- [WHAT IS NEEDED]:
An exact transcription of every record is needed, leaving out the pictures.

Entries taken from a collection:
☆ ☆ ☆ ☆ ☆ ☆ ☆

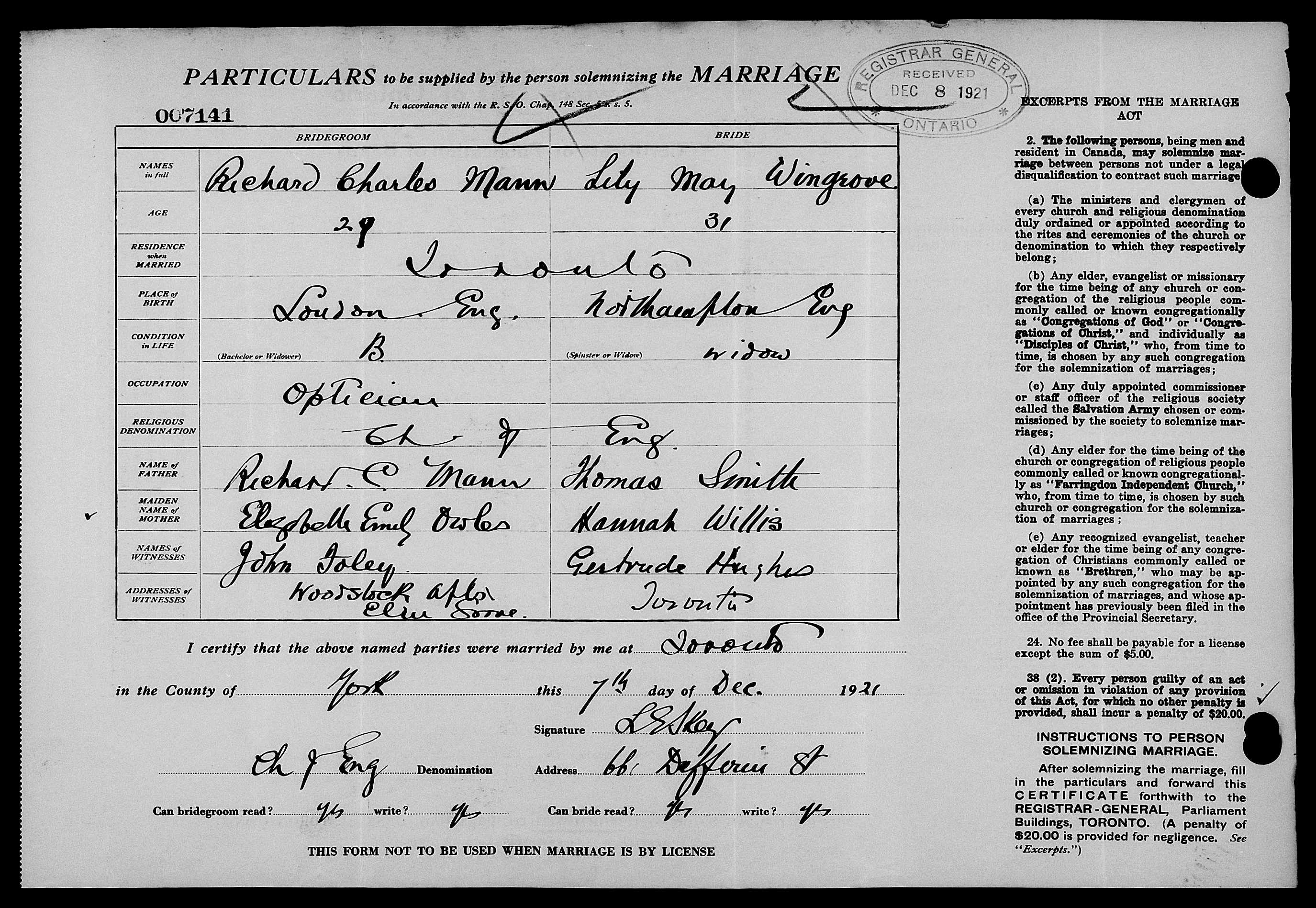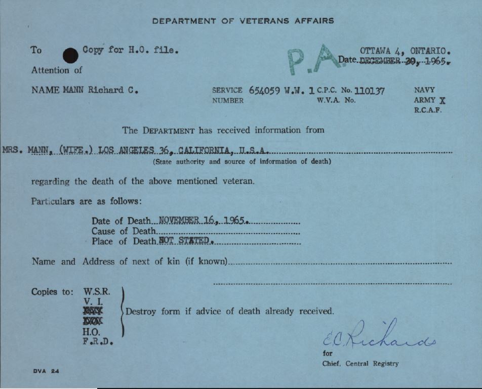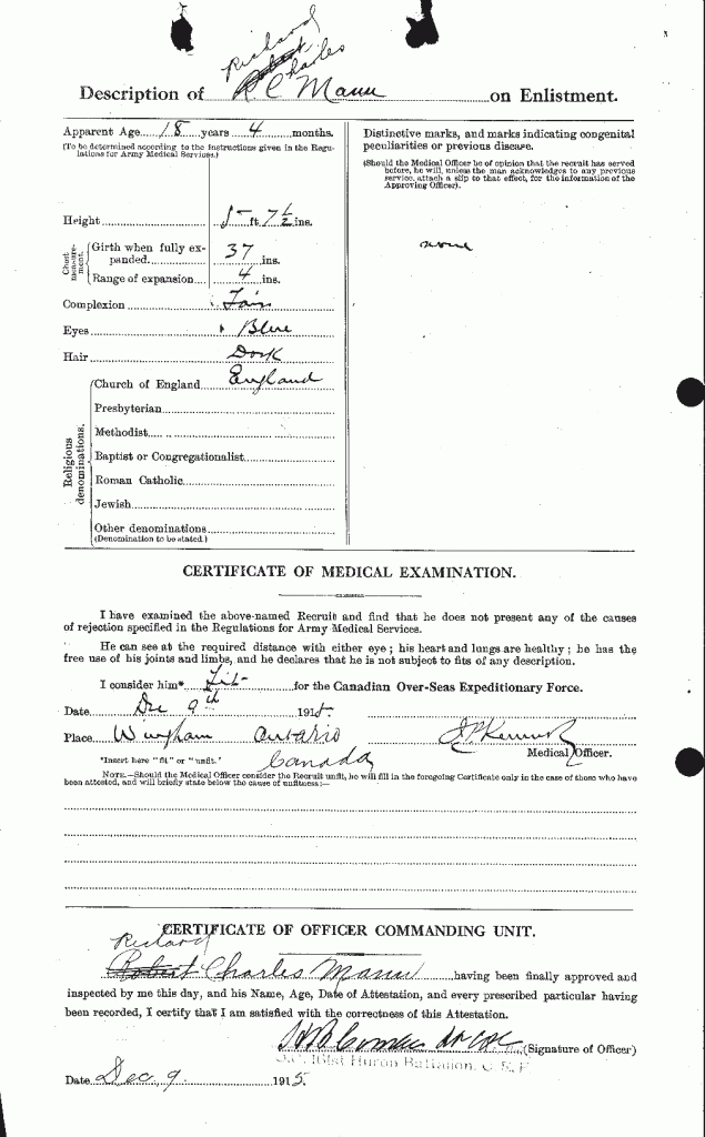 654059, MANN, (Sgt.) Richard Charles, “A” Company enlisted in Wingham on December 9, 1915, where he was employed as a glove cutter for Gurvey’s Gloveworks [Gurney Glove Works] prior to the outbreak of WWI. Richard Charles Mann was born on August 19, 1894 in London, England and he went back to England with the 161stHuron Battalion. His next of kin was his father, Richard Charles Mann of Wingham, ON. Dick Mann stood 5’ 7.5” and had a fair complexion, blue eyes and dark hair. He was Church of England in faith.
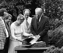 Monk's photo book, Between Friends / Entre Amis (1976), was designed as Canada's gift to the United States for the United States Bicentennial in 1976.[1] Monk accompanied then Canadian Prime Minister Pierre Trudeau to hand over the gift to then US President Gerald Ford in a ceremony in Washington, D.C.[7] The 262-page photo book documented the life, scenes, and people, from both sides of the shared border between the two countries.[8] Anna Porter, editor-in-chief at McClelland & Stewart, the publishing house that published much of Monk's works, complimented her on her judgement, and went on to say that Between Friends / Entre Amis (1976), "became the gift book of the decade".[1]
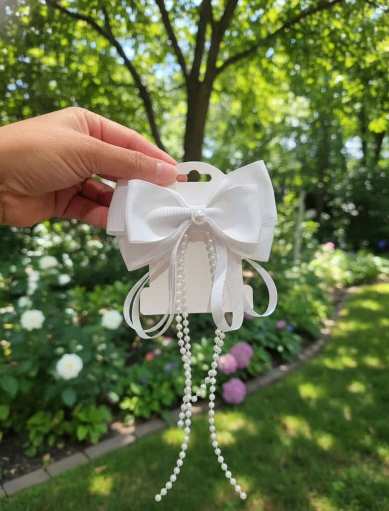 White Bow Hair Clip with Pearls
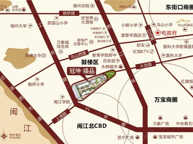 项目位于斗池路与工业路交汇处,东临万宝商圈及北江滨核心商务区,西接金山大桥直达金山中心,南拥凤凰居住组团,北有福州大学、闽江大学及在建的华润万象城。
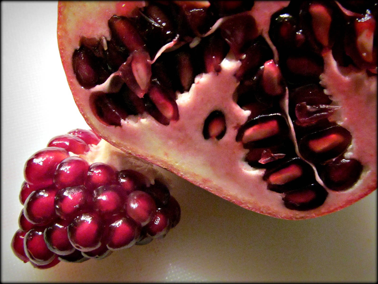 Wer keinen Zugang zu Granatapfelessig hat, kann auch Apfelessig nehmen. Dann aber aus der andern Hälfte des Granatapfels die Kerne auslösen, diese mit einer Gabel zerdrücken, den Saft auffangen und den in die Salatsauce geben.
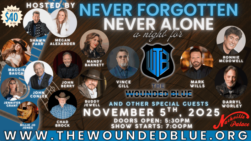 The Wounded Blue’s mid-week benefit concert, ‘Never Forgotten, Never Alone – A Night for The Wounded Blue,’ is adding star power with Vince Gill and Mandy Barnett now confirmed to perform. National media personalities Shawn Parr and Megan Alexander will co-host the evening, celebrating and supporting law enforcement officers injured or disabled in the line of duty.
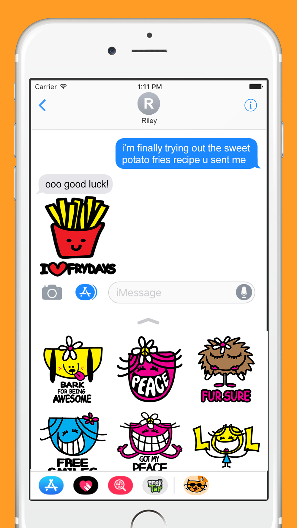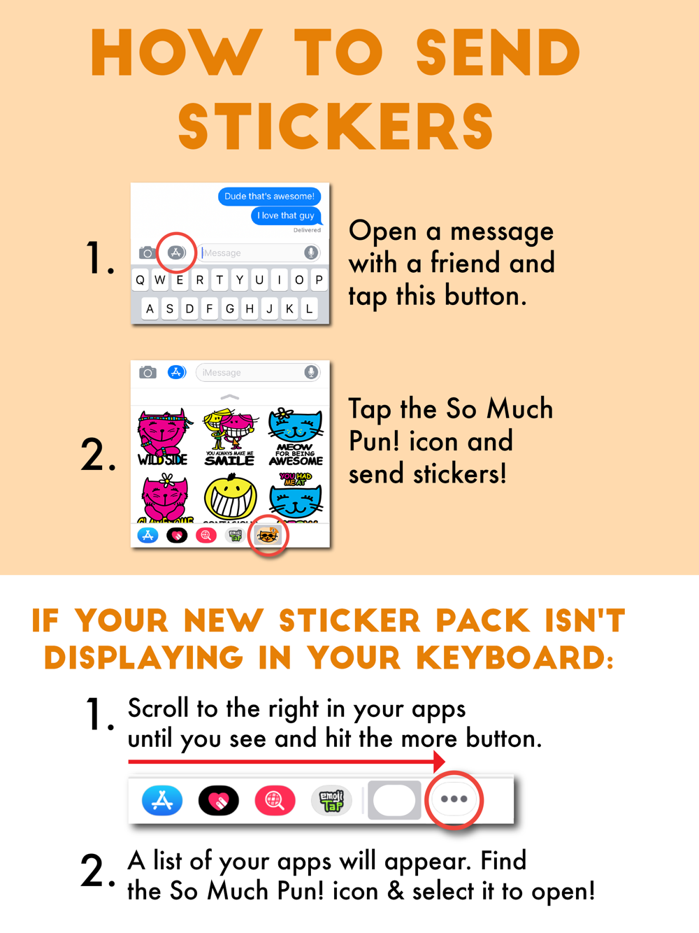 You'll have so much fun sending these punny stickers to all your friends! Pack contains 77 static stickers.
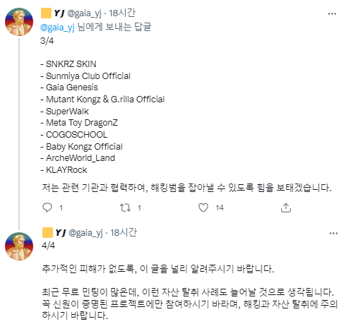 자산 탈취 대상 목록에 있는 프로젝트들 중 선미야 클럽과 가이아 프로토콜은 디스코드에 해당 공지를 올리며 추가 피해를 막기 위해서 노력하였다. 특히, Money Tiger의 스캠 사실을 알린 가이아 프로토콜의 디렉터인 심영재님은 해킹범을 잡을 수 있게 적극적으로 관련 기관과 협력하여 문제를 해결하려는 의지를 보여주었다.
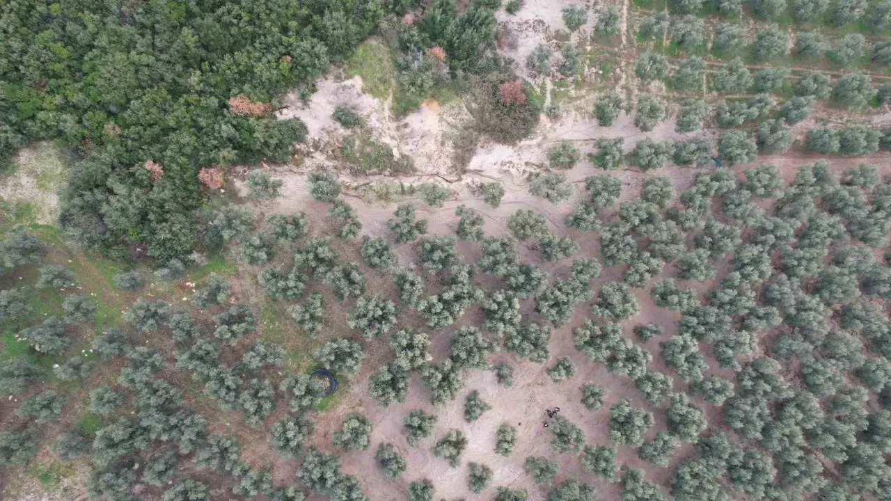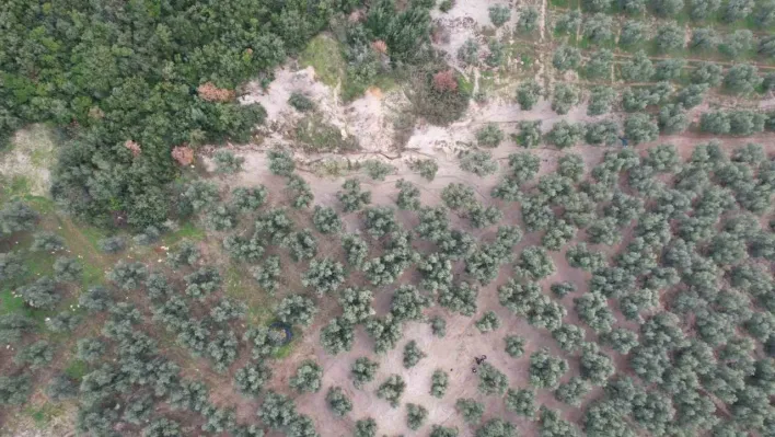 Zeytin bahçesinin içler acısı hali havadan görüntülendi

☆ ☆ ☆ ☆ ☆ ☆ ☆

- [ANSWER SPACE]:
 654059, MANN, (Sgt.) Richard Charles, “A” Company enlisted in Wingham on December 9, 1915, where he was employed as a glove cutter for Gurvey’s Gloveworks [Gurney Glove Works] prior to the outbreak of WWI. Richard Charles Mann was born on August 19, 1894 in London, England and he went back to England with the 161stHuron Battalion. His next of kin was his father, Richard Charles Mann of Wingham, ON. Dick Mann stood 5’ 7.5” and had a fair complexion, blue eyes and dark hair. He was Church of England in faith.
 Monk's photo book, Between Friends / Entre Amis (1976), was designed as Canada's gift to the United States for the United States Bicentennial in 1976.[1] Monk accompanied then Canadian Prime Minister Pierre Trudeau to hand over the gift to then US President Gerald Ford in a ceremony in Washington, D.C.[7] The 262-page photo book documented the life, scenes, and people, from both sides of the shared border between the two countries.[8] Anna Porter, editor-in-chief at McClelland & Stewart, the publishing house that published much of Monk's works, complimented her on her judgement, and went on to say that Between Friends / Entre Amis (1976), "became the gift book of the decade".[1]
 White Bow Hair Clip with Pearls
 项目位于斗池路与工业路交汇处,东临万宝商圈及北江滨核心商务区,西接金山大桥直达金山中心,南拥凤凰居住组团,北有福州大学、闽江大学及在建的华润万象城。
 Wer keinen Zugang zu Granatapfelessig hat, kann auch Apfelessig nehmen. Dann aber aus der andern Hälfte des Granatapfels die Kerne auslösen, diese mit einer Gabel zerdrücken, den Saft auffangen und den in die Salatsauce geben.
 The Wounded Blue’s mid-week benefit concert, ‘Never Forgotten, Never Alone – A Night for The Wounded Blue,’ is adding star power with Vince Gill and Mandy Barnett now confirmed to perform. National media personalities Shawn Parr and Megan Alexander will co-host the evening, celebrating and supporting law enforcement officers injured or disabled in the line of duty.
 You'll have so much fun sending these punny stickers to all your friends! Pack contains 77 static stickers.
 자산 탈취 대상 목록에 있는 프로젝트들 중 선미야 클럽과 가이아 프로토콜은 디스코드에 해당 공지를 올리며 추가 피해를 막기 위해서 노력하였다. 특히, Money Tiger의 스캠 사실을 알린 가이아 프로토콜의 디렉터인 심영재님은 해킹범을 잡을 수 있게 적극적으로 관련 기관과 협력하여 문제를 해결하려는 의지를 보여주었다.
 Zeytin bahçesinin içler acısı hali havadan görüntülendi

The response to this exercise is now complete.